Сколь ни сложна бывает жизнь, сколь ни трудны порой условия, человек все же осваивается с самыми, казалось, невероятными обстоятельствами. Он привыкает к особенностям реальной действительности и уже то, что раньше считал совершенно невыносимым, принимает в конце концов за обычное и даже частенько радостное и необходимое.
Так считал и Владимир Канунников после месяца окопной жизни.
Ефрейтор Аверин оказался совсем не таким суровым и замкнутым, каким представился он Канунникову в первую фронтовую ночь. Правда, он по-прежнему не отличался словоохотливостью, говорил скупо и редко. Но в каждом его слове, в каждом движении грубого, морщинистого лица и жилистых, заскорузлых рук Канунников чувствовал внутреннюю теплоту и, очевидно, скрытую доброжелательность к своему помощнику. Канунников скоро подметил это и, желая окончательно завоевать доверие своего, как говорили в армии, непосредственного начальника, старался делать все так, чтобы вызвать если не открытое, то хотя бы внутреннее одобрение Аверина. Без напоминаний он убирал и подмаскировывал окоп, ход сообщения и земляную конуру, именуемую жильем, смахивал каждую пылиночку с длинностволой бронебойки, ходил на кухню, держал постоянно запас свежей воды. Он пытался даже чистить котелок Аверина, но ефрейтор так взглянул на него, что Канунников никогда больше не прикасался к аверинскому котелку.

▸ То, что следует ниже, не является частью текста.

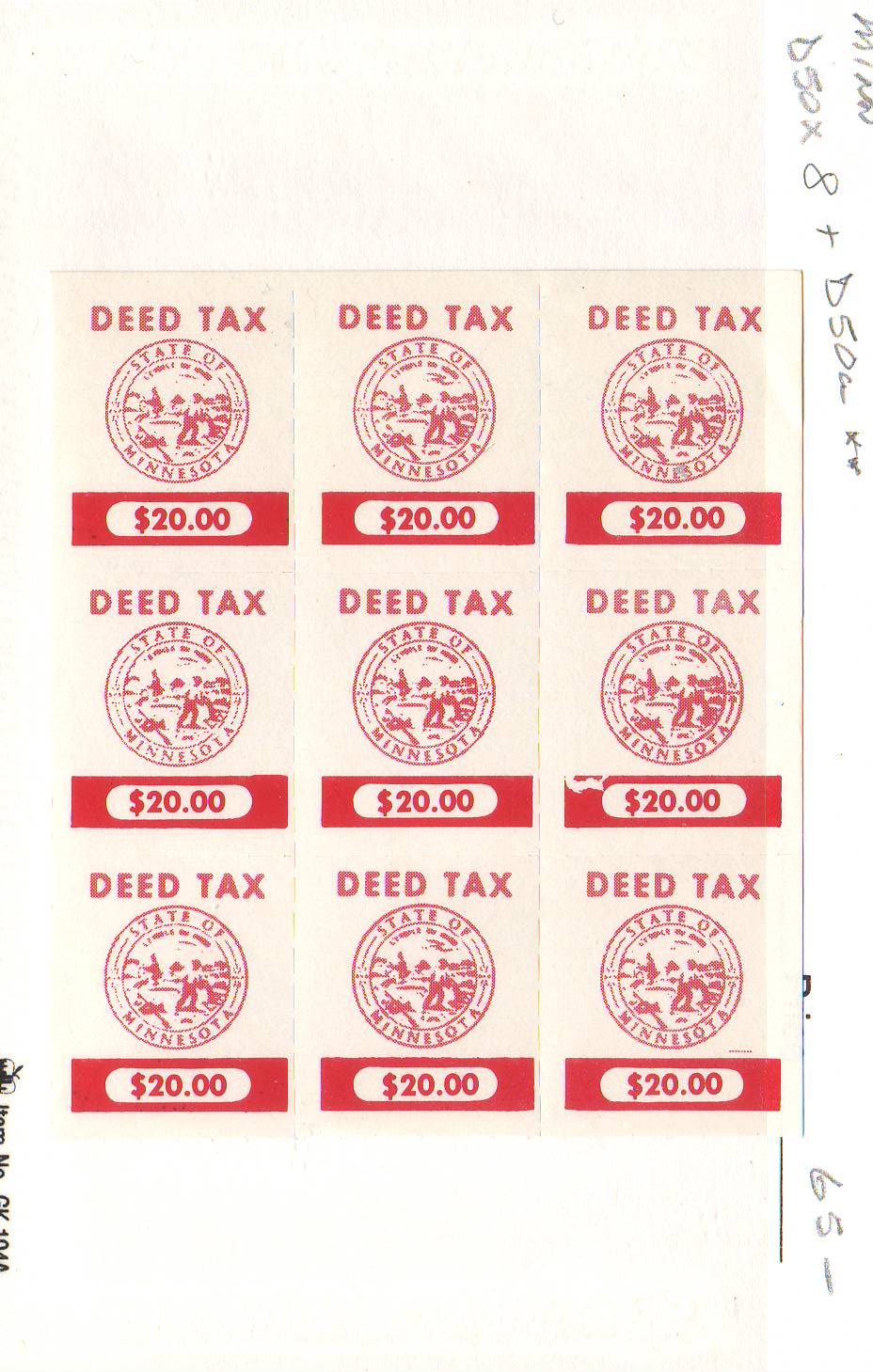 | Minnesota: #20 Deed Tax Stamps, Blk/9 D50x8 & D50a, MNH. | Price: $40.00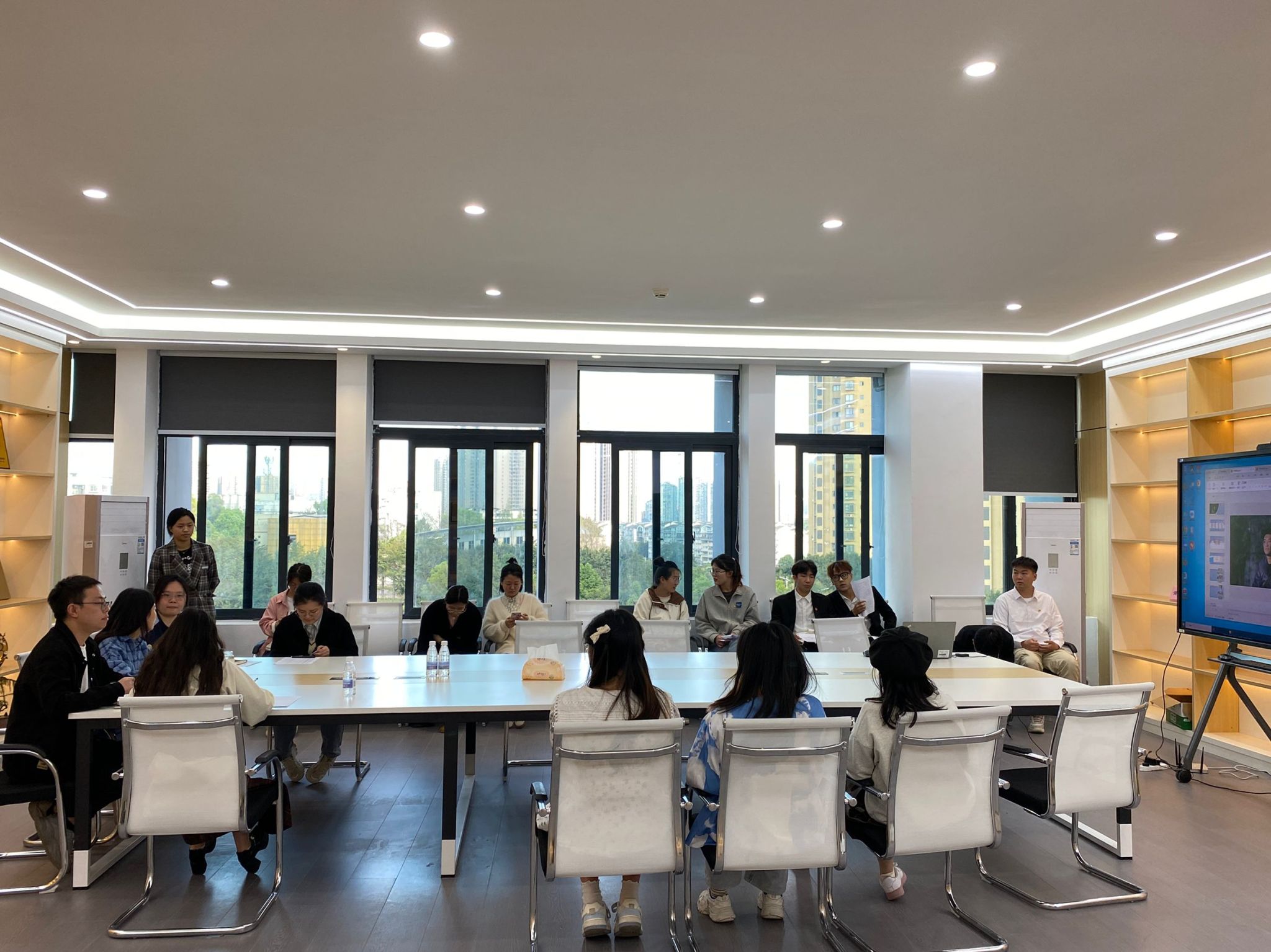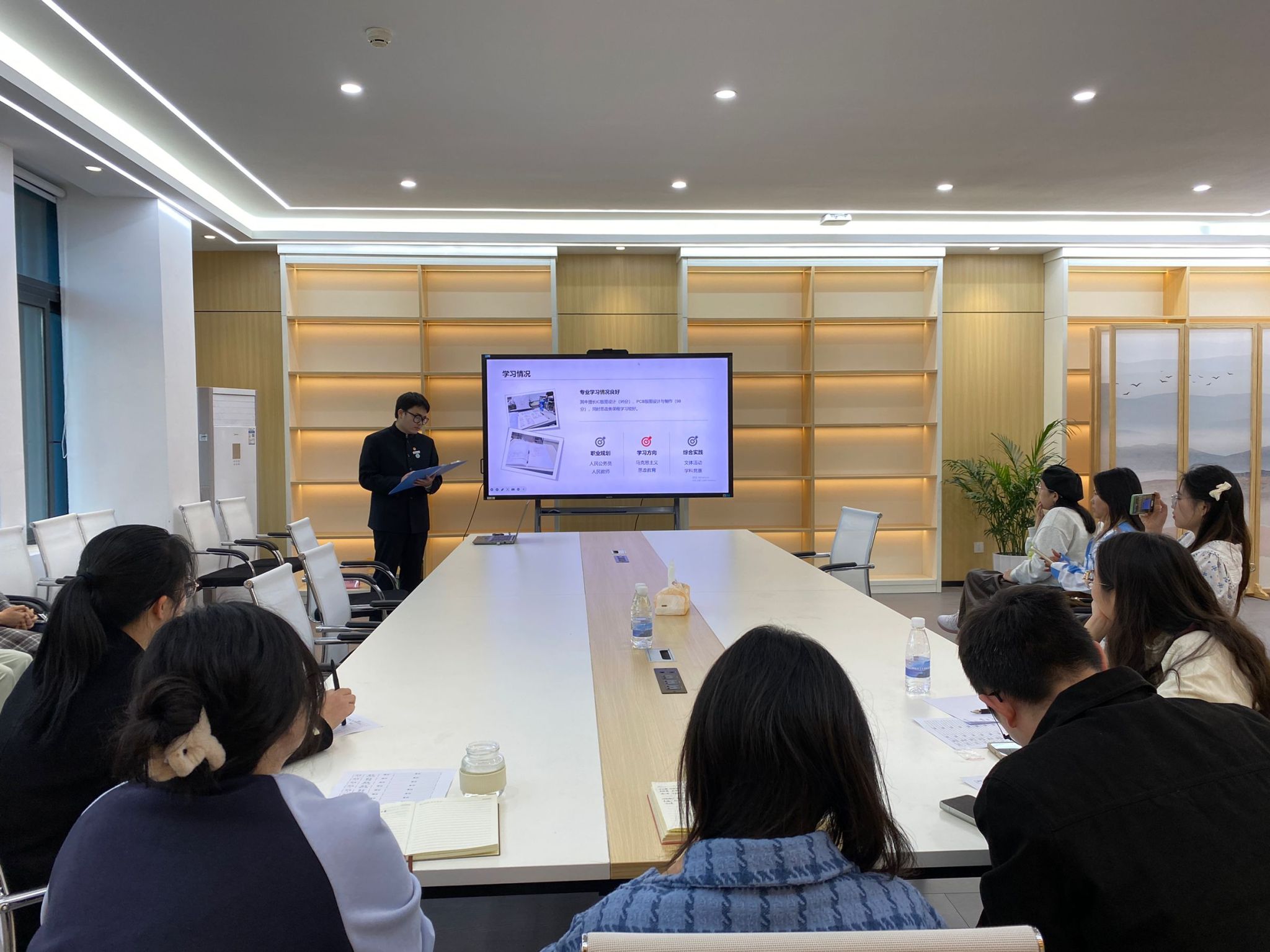 本次有13名入党积极分子参与入党发展对象答辩,答辩分为个人陈述和现场提问两个环节,陈述围绕入党动机、学习工作情况和实效、为他人办实事等方面进行5分钟内的展示,提问环节是在答辩者展示完后,由评委进行提问,答辩者进行作答。

Особенно старался Канунников на земляных работах. С темна до рассвета долбил он то киркой, то ломом мерзлую землю, таскал бревна для дзотов и землянок, с удовольствием ловя на себе одобрительные взгляды ефрейтора.
Установились у Канунникова нормальные отношения и с длиннобудылым, под стать противотанковому ружью, Чуваковым, так разбередившим при первой встрече незажившие раны Канунникова. Этот окопный сосед по несколько раз в день приходил к Аверину, подолгу сидел, курил без конца, балагурил, но совсем не задевал Канунникова, даже частенько посматривал на него одобрительно и, вроде, сочувственно.
Только не знал Канунников, что перемена эта в Чувакове произошла после короткого, но внушительного разговора с ним самого Аверина.
— Ты вот что, Антон, — оставшись наедине с Чуваковым исподлобья взглянул на него Аверин, — ты эти свои разговоры про мильен брось. Что было, то было, а казнить человека за одно и то же дважды не по-нашему. Натворил там делов разных — осудили и хватит. Теперь надо помочь ему душой воспрянуть. Вот так-то.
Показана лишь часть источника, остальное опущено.